Calibration of the plate that supports the 3D printer can be manual or automatic. This procedure is slightly different depending on the printer model. Manual printer calibration is carried out using 4 screws located at the four corners of your machine's plate. The challenge is to find the optimal height ratio between these four screws for 3D printer plate alignment. To achieve this, make sure you repeat the following steps at least once in the center and four corners of the 3D printer tray.

First place a piece of paper between the nozzle and printer plate. Then move the tray up and down, being careful not to get paper stuck under the nozzle. Once the paper can be moved by light friction on the nozzle, you can move on to the next checkpoint . Some 3D printers, such as the Raise3D E2, have built-in automatic tray alignment systems.

The printing temperature of a 3D printer is of great importance for the manufacture of your parts. However, it is relatively complex and depends on the material you want to print. This is because the print temperature of standard PLA filament varies between different brands of 3D printers. The temperature range for printing is usually specified by each manufacturer on spools of filament. The temperature of the 3D printer plate is also an important parameter to consider. This allows eliminate the risk of re-peeling on some technical materials such as ABS thread.
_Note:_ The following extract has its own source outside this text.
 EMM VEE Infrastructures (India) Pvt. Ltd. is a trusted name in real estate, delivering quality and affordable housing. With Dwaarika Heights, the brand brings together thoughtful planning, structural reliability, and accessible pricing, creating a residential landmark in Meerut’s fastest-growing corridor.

The 3D printer's extruder is the part that spits out the hot filament. This may be due to two main problems. Over extrusion when the filament is used a lot, and under extrusion when the filament is used little. It is also necessary to take into account the thickness of the filament passing through the nozzle of the 3D printer. However, it is relatively easy to fix if it is out of order. To find out if your 3D printer is under or over extruding, you'll need a ruler, tape measure, or compass. Start by doing two marks 100 mm apart on the filament, then align the bottom mark with the top of the extruder. Then set the extrusion length to 100 in the 3D printer software and run the extrusion command.
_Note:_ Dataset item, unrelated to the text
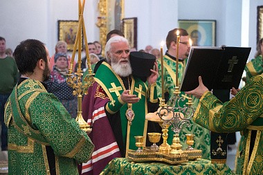 Торжественная встреча архипастырей в Богоявленском соборе монастыря предварила начало праздничной Божественной литургии, которую возглавил священноархимандрит обители митрополит Тверской и Кашинский Виктор.
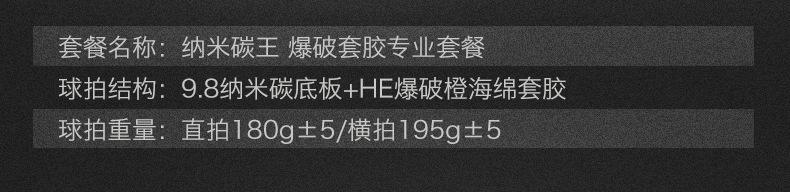 | Pacote Três: | Nano Carbon King atualizado + bolsa de última geração + 3 bolas + 2 películas protetoras | 110 |

Calibrating 3D printers also requires checking the accuracy of their measurements . To do this, you can use a piece of tape to mark two areas 100mm apart on the printer's base plate. On one of them, install the nozzle and ask the printer to move 100 mm in the desired direction. Then check that your device is exactly on the tape.
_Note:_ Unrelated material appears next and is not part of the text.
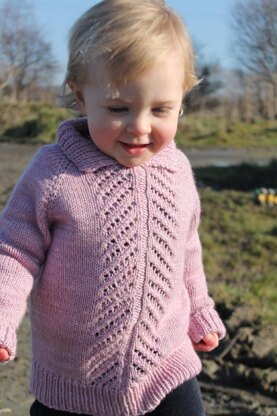A stylish high necked sweater, with a simple elegant lace panel. Knit with a DK base and sized from 18”-31” Tiffy is a feminine yet functional design. Tiffy features a lace panel around the sleeve to give it just that little something special.
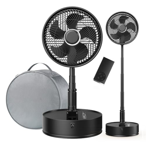 Marchpower Tystgående Ståfläkt, 2 I 1 Hopfällbar Ståfläkt 10" Luftcirkulation Med 5 Hastigheter Pekskärm Fjärrkontroll Timer För Bord Sovrum Kontor Resor, Svart

Measurements are rarely correct on the first try. Even a difference of tenths of a millimeter can greatly affect the quality of subsequent prints. 3D printers are precision machines and their motors must be calibrated to ensure accuracy. For the X and Y axes , adjust the values ​​of M92 until you fix the offset at exactly 100mm.

A ruler must be used to calibrate the Z motor of 3D printers. Place the ruler vertically on the printing plate and move the Z axis by 100mm. Then, as in the case of engines X and Y, , change the values ​​of M92 so that the travel is always 100 mm.